▶ What is expected
Data follows below. Repeat exactly the lines between the line holding "2026年3月、STRIXの" and the line holding "Kansas City Chiefs", inclusive, and nothing more; drop pictures.

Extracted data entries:
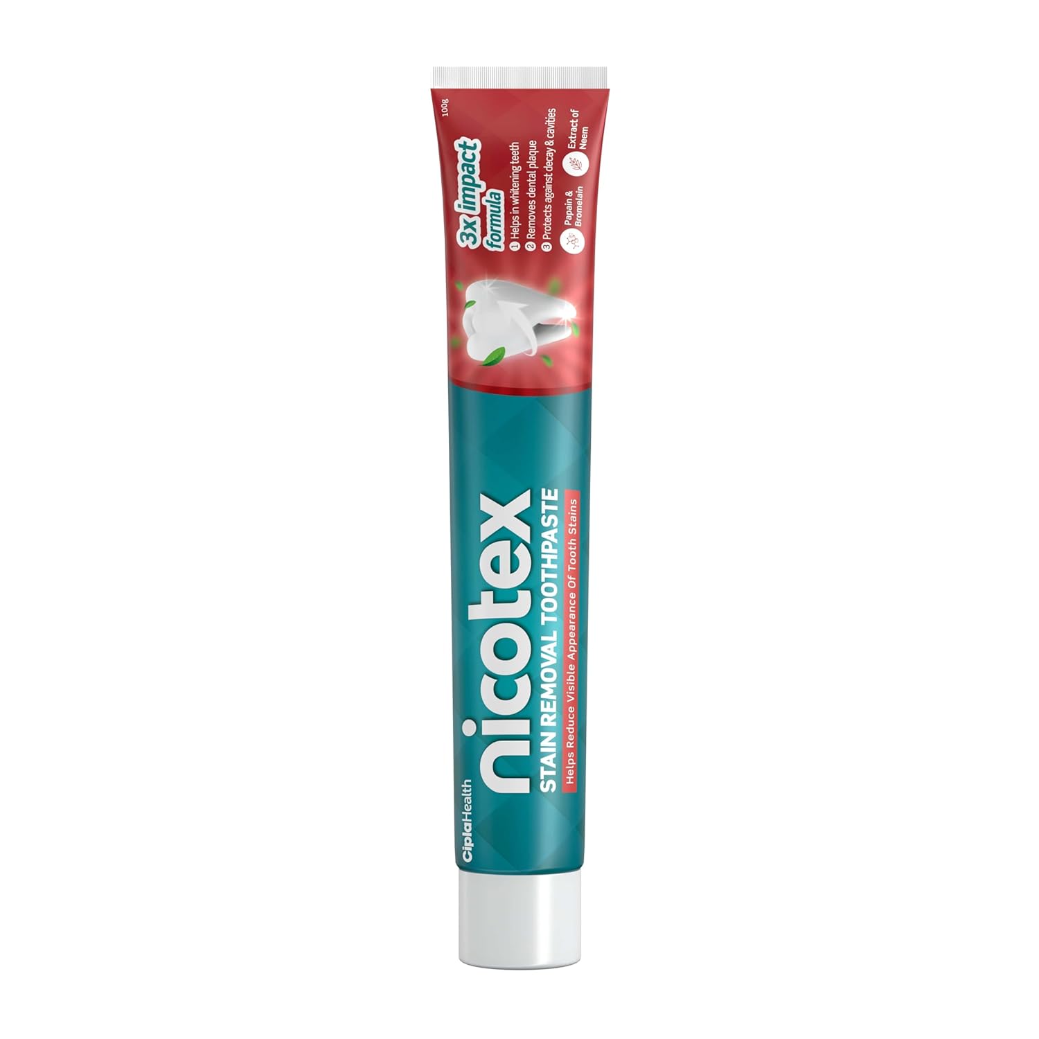 Cipla Nicotex Stain Removal Toothpaste | Teeth Whitening, Plaque Removal, Protection Against Decay And Cavities | Papain, Bromelain, Neem Extract, Meswak Extract | With Fluoride | Sls Free | 100G
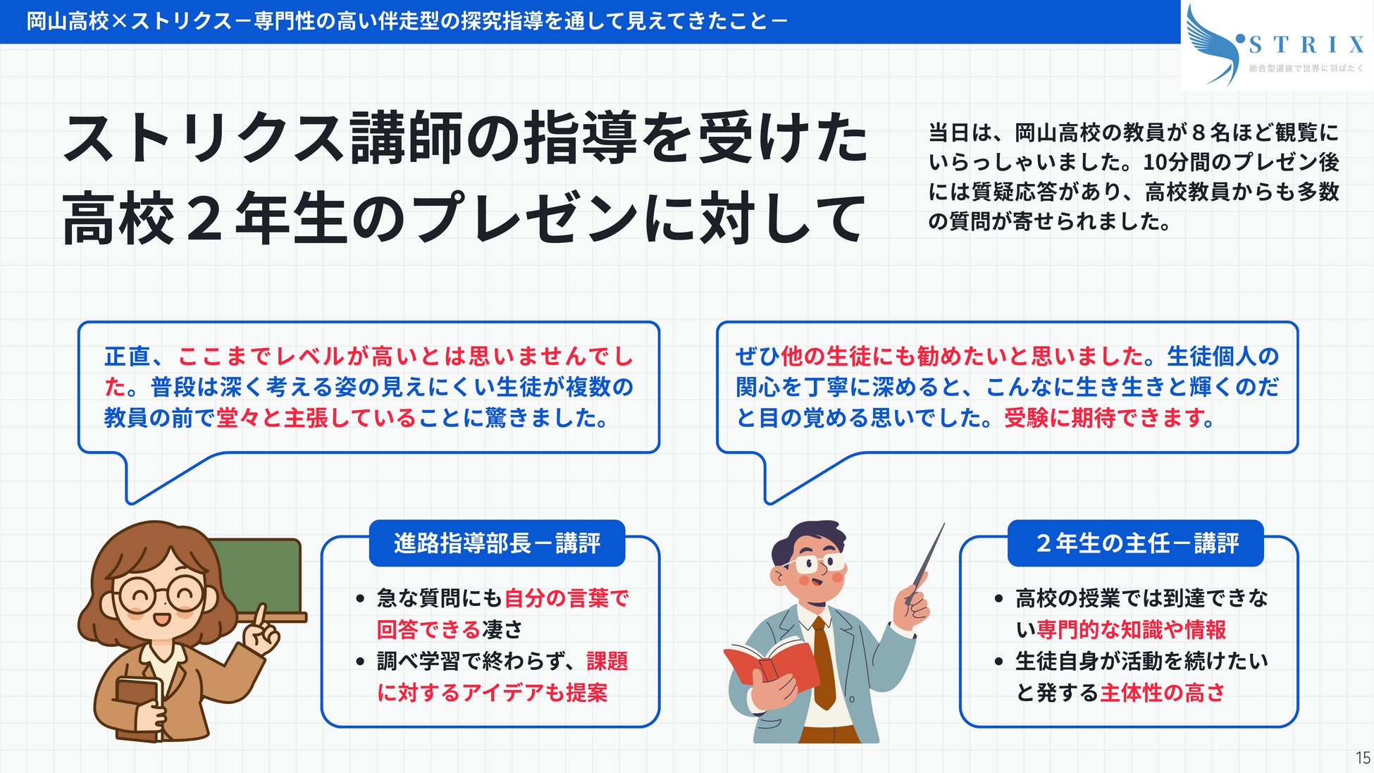 2026年3月、STRIXの指導を受けた高校2年生が高校内でプレゼンを行いました。
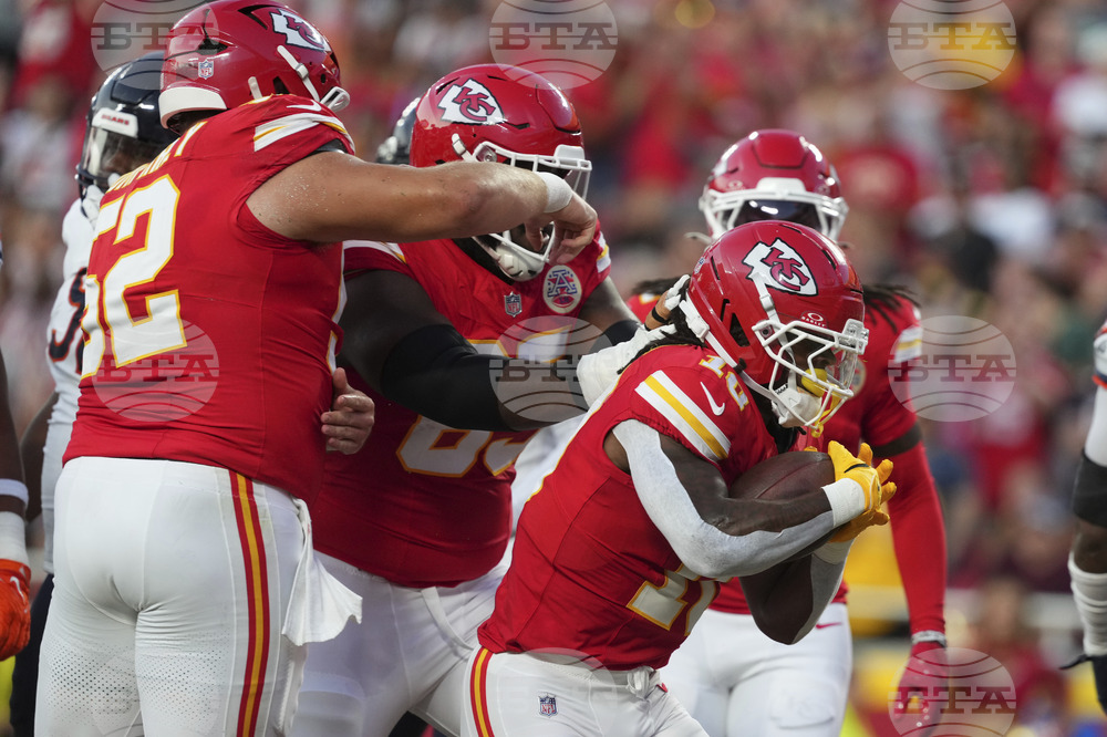 Kansas City Chiefs running back Isiah Pacheco (10) scores during the first half of a preseason NFL football game against the Chicago Bears Friday, Aug. 22, 2025, in Kansas City, Mo. (AP Photo/Ed Zurga)
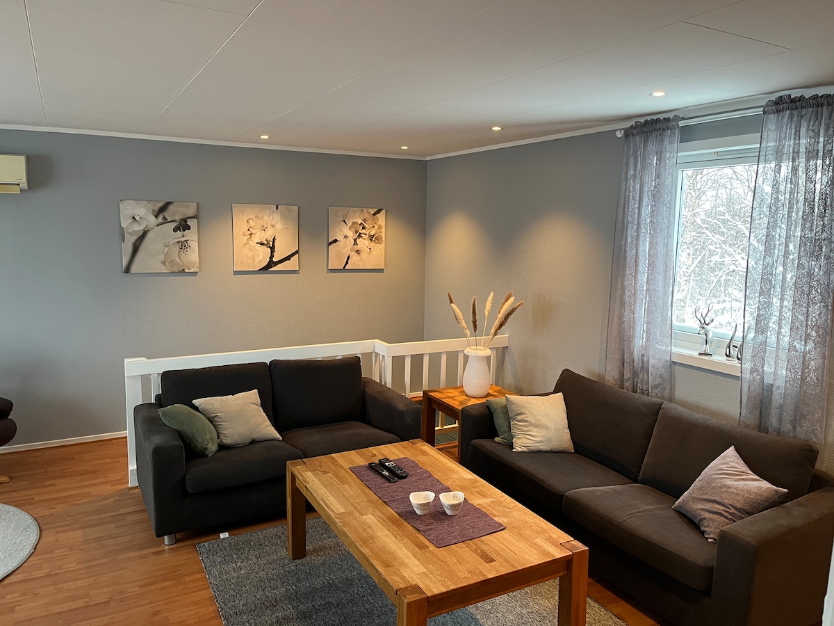 After being a host in Oslo since 2011, I have renovated this cabin far up north where I was born, and my family still live. It also comes equipt with everything you might need or didn't know you needed to make your stay epic! 2 pairs of snowshoes include! 2 bikes, 2 fishing rods and fancy coffee gear is also free for you to use. The location is in the middle of the local village, and the view and space are spectacular. Enjoy the midnight sun and northern lights in this modern cabin.
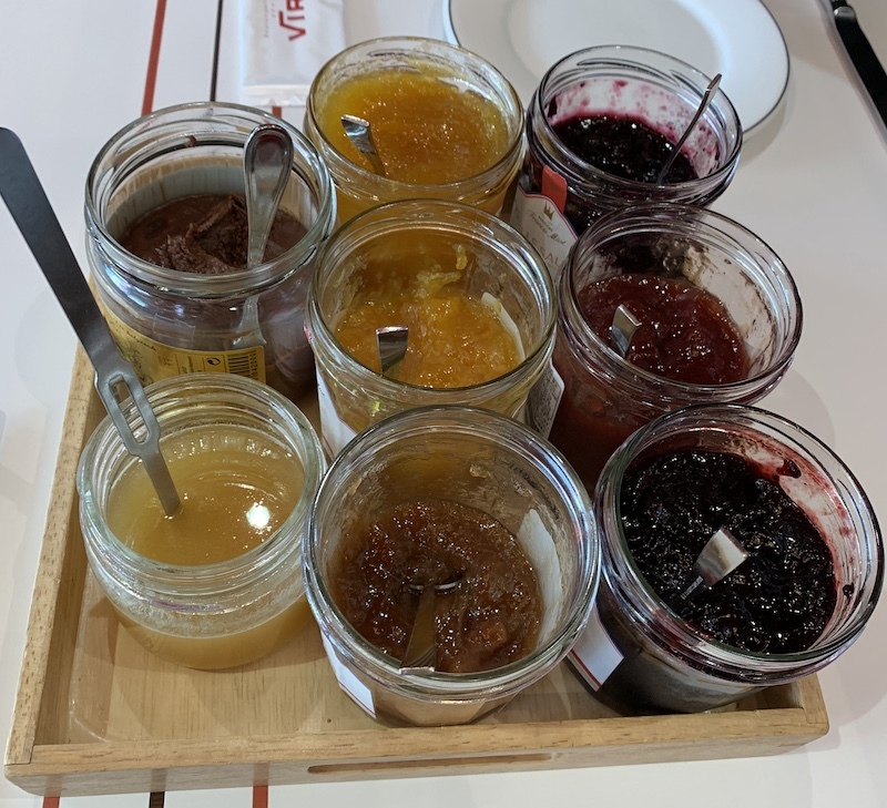 しばらくすると、コンフィチュールとはちみつ、チョコレートクリーム(ジャンドゥーヤなやつ)のトレイが運ばれてきた。
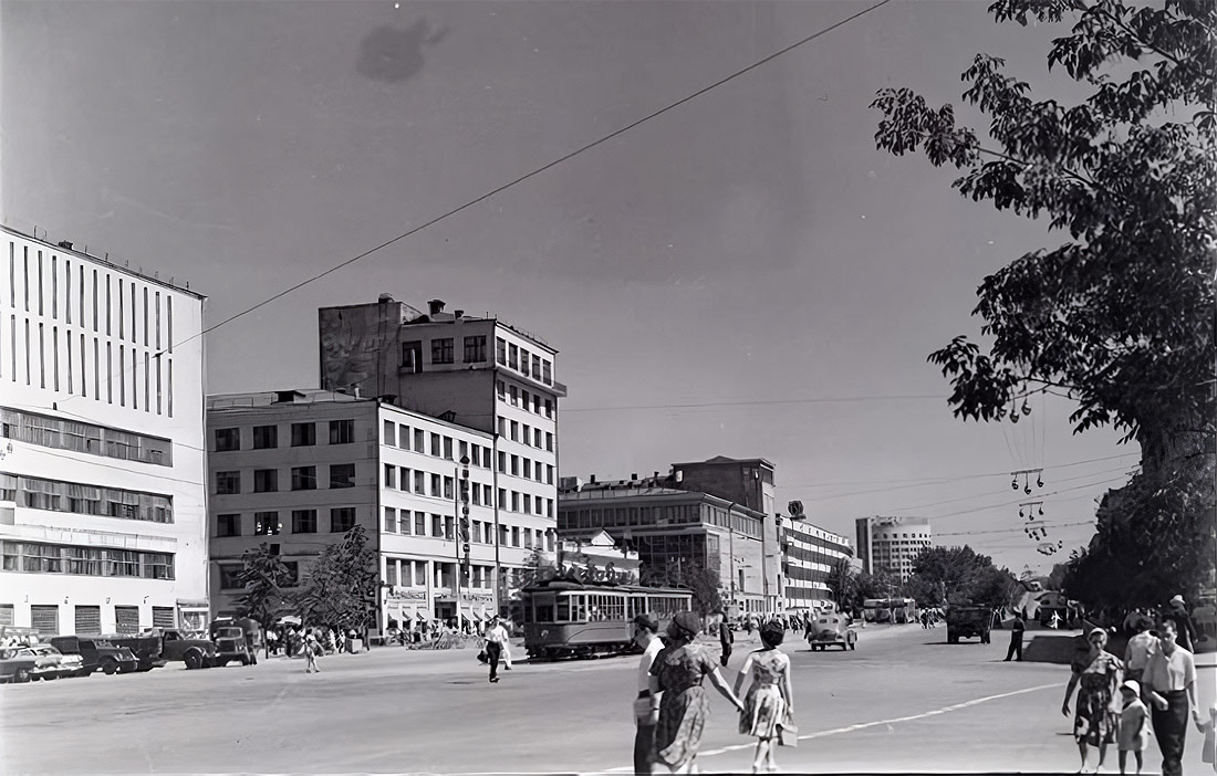 (В настоящее время АО «УПП «Вектор», ул.Малышева, 126). Фото Чураков М.М. 1962г. Архив: «Музей архитектуры имени А.В.Щусева». На переднем плане трамвайные пути на перекрёстке Малышева – Гагарина. ![]() |
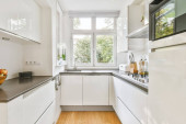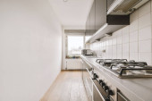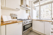 Zdjęcie "Biała kuchnia ze srebrno-szarą kuchenką i dużymi oknami" może być wykorzystywane do celów osobistych i komercyjnych zgodnie z warunkami zakupionej licencji Royalty-free. Obraz jest dostępny do pobrania w jakości wysokiej rozdzielczości do 5760x3840.
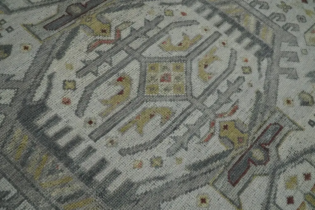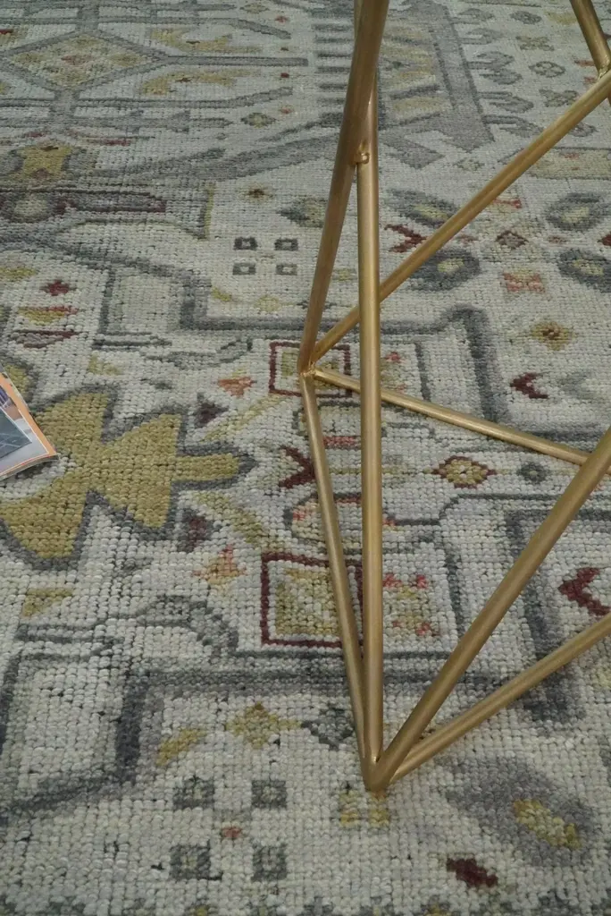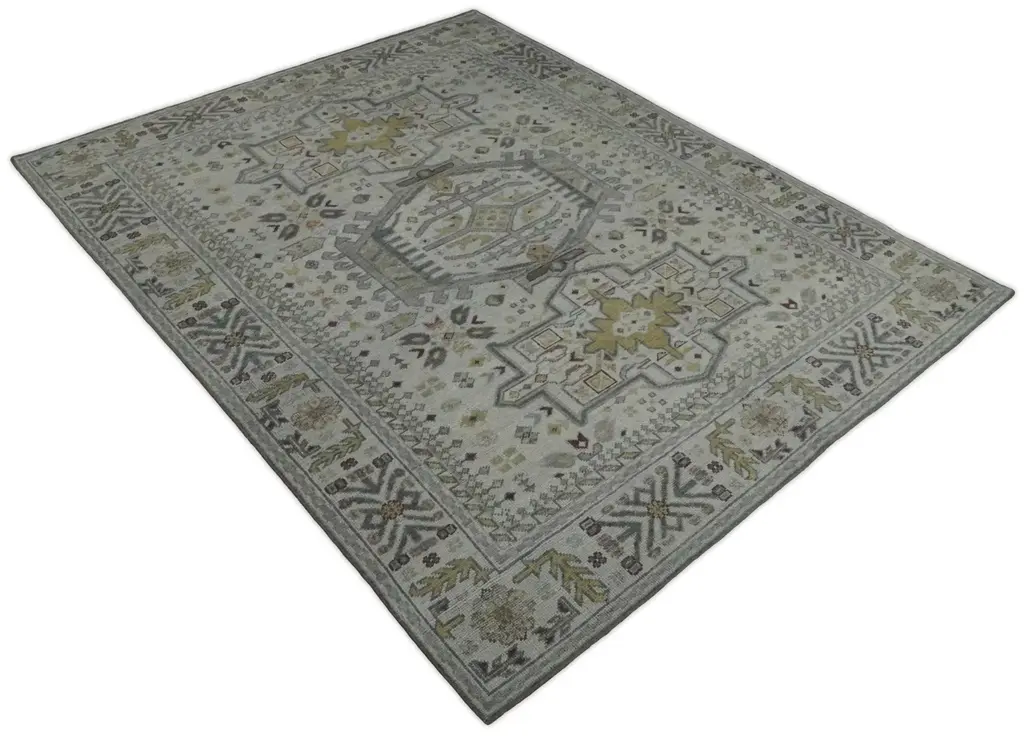 This Hand-Knotted Rug has been Made with Handspun Wool. The beautiful colors of the rug carry a legacy of the heirloom rug. The traditional design of the rug completes your space without making it look busy. Hand-Knotted rugs are durable and can last for decades if treated right. Turkish Hand-Knotted Rug MADE TO ORDER in 30-45 DAYS Made with Wool Color: Silver, Gray and Olive Soft Back as it has woolen weft Made with 25 knots per square inch This specific rug is made in India, in the city of Bhadohi. Bhadohi is one of the biggest rug manufacturing cities. Carpet weaving in the region dates back to the 16th century during the reign of Akbar. The skilled artisans of Bhadohi have been carrying the tradition of rug-making for centuries. USERS GUIDE Avoid prolonged moisture Vacuum regularly and/or shake to remove dust Do not pull any loose threads. Use scissors to simply cut the ends Blot spills immediately with a white cloth. Harsh chemicals may damage or fade the rug Use rug protectors under heavy furniture
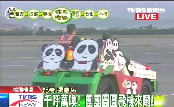 運輸贈臺大熊貓“團團”、“圓圓”的臺灣長榮班機下午5時許抵達桃園機場,圖為桃園機場的車輛被打扮成熊貓風(fēng)格。 臺灣TVBS圖
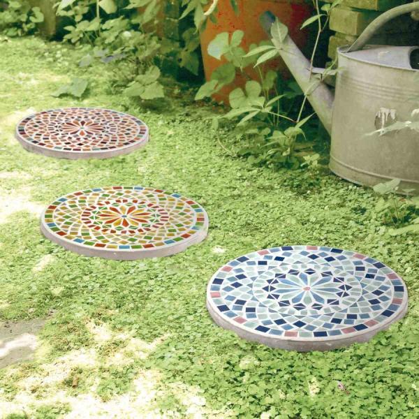 カラフルなモザイクガラスでお庭をおしゃれに ステップストーン 同色3枚セット 送料無料 敷石 おしゃれ モザイク調 Kh オブジェ 輸入 Kh 置き物 オーナメント Kh フットステップ 踏み石 キシマ
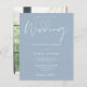 Den här eleganten är en dammig inbjudan till ett blått bröllop som kan vara personlig med din information i chicens typografi med ditt speciella foto på motsatt sida. Designad av Thisisnotme©
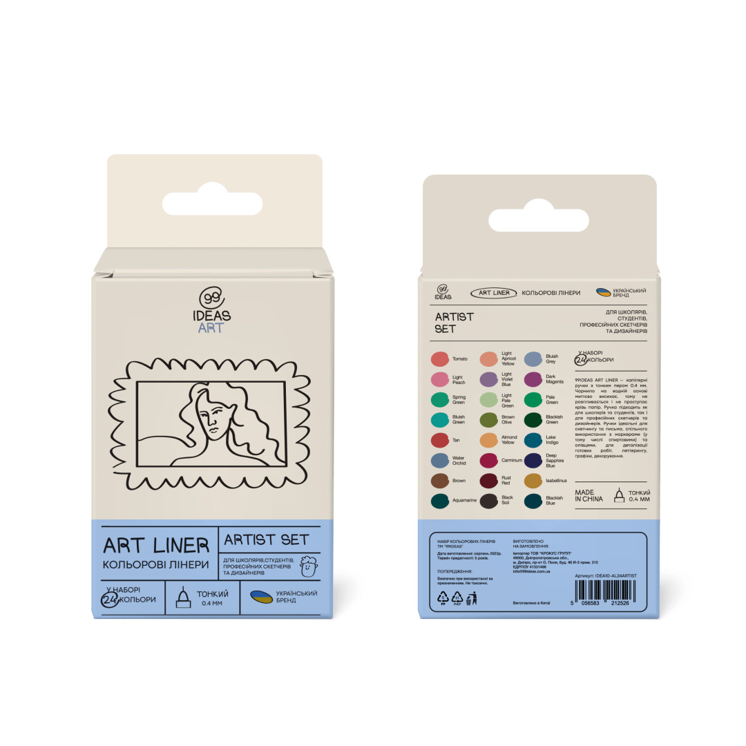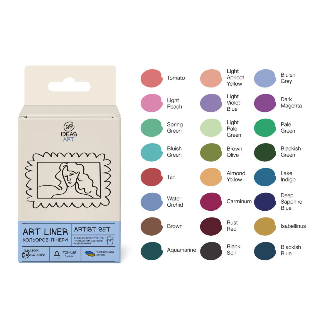 Набір кольорових лінерів 99IDEAS - капілярні ручки з тонким пером 0.4 мм. Чорнило на водній основі миттєво висихає, тому не розпливається і не проступає крізь папір. Ручки тривалий час не висихають без ковпачка.

▶ Response to the task
 2026年3月、STRIXの指導を受けた高校2年生が高校内でプレゼンを行いました。
 Kansas City Chiefs running back Isiah Pacheco (10) scores during the first half of a preseason NFL football game against the Chicago Bears Friday, Aug. 22, 2025, in Kansas City, Mo. (AP Photo/Ed Zurga)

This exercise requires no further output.